══ Source data
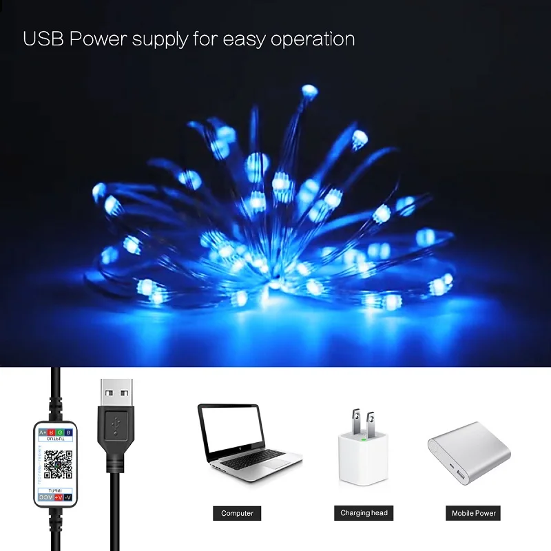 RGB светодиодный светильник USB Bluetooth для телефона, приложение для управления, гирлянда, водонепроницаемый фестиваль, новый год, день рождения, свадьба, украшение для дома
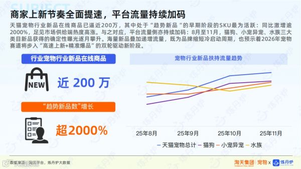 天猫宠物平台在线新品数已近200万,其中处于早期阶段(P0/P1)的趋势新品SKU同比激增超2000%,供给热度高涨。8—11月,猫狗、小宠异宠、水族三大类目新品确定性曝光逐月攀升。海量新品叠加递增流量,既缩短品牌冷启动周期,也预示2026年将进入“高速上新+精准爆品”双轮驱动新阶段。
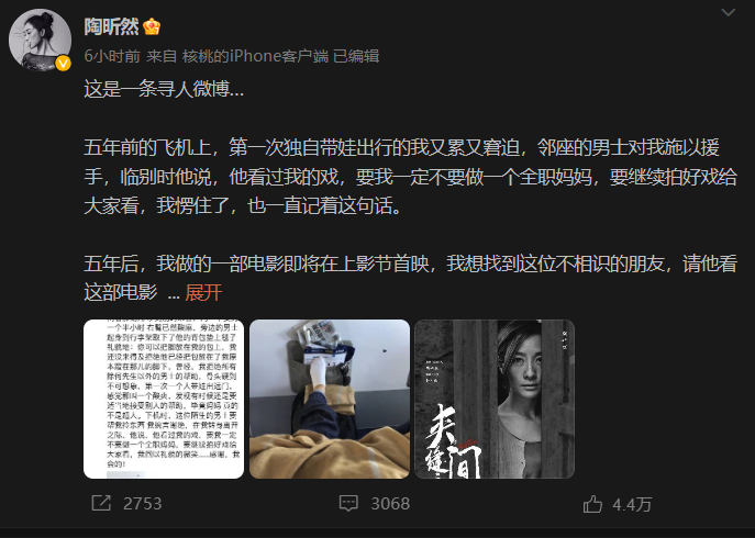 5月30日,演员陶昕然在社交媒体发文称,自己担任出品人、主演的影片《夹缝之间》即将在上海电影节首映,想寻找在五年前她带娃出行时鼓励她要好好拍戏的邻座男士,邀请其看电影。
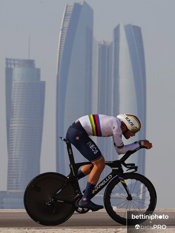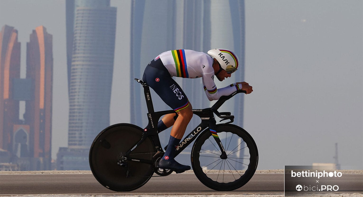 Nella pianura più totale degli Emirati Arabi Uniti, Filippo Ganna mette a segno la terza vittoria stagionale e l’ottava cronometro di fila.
════
_About this exercise:_ Give the data again exactly as written, with no pictures included.

_Answer section:_
 RGB светодиодный светильник USB Bluetooth для телефона, приложение для управления, гирлянда, водонепроницаемый фестиваль, новый год, день рождения, свадьба, украшение для дома
 天猫宠物平台在线新品数已近200万,其中处于早期阶段(P0/P1)的趋势新品SKU同比激增超2000%,供给热度高涨。8—11月,猫狗、小宠异宠、水族三大类目新品确定性曝光逐月攀升。海量新品叠加递增流量,既缩短品牌冷启动周期,也预示2026年将进入“高速上新+精准爆品”双轮驱动新阶段。
 5月30日,演员陶昕然在社交媒体发文称,自己担任出品人、主演的影片《夹缝之间》即将在上海电影节首映,想寻找在五年前她带娃出行时鼓励她要好好拍戏的邻座男士,邀请其看电影。
 Nella pianura più totale degli Emirati Arabi Uniti, Filippo Ganna mette a segno la terza vittoria stagionale e l’ottava cronometro di fila.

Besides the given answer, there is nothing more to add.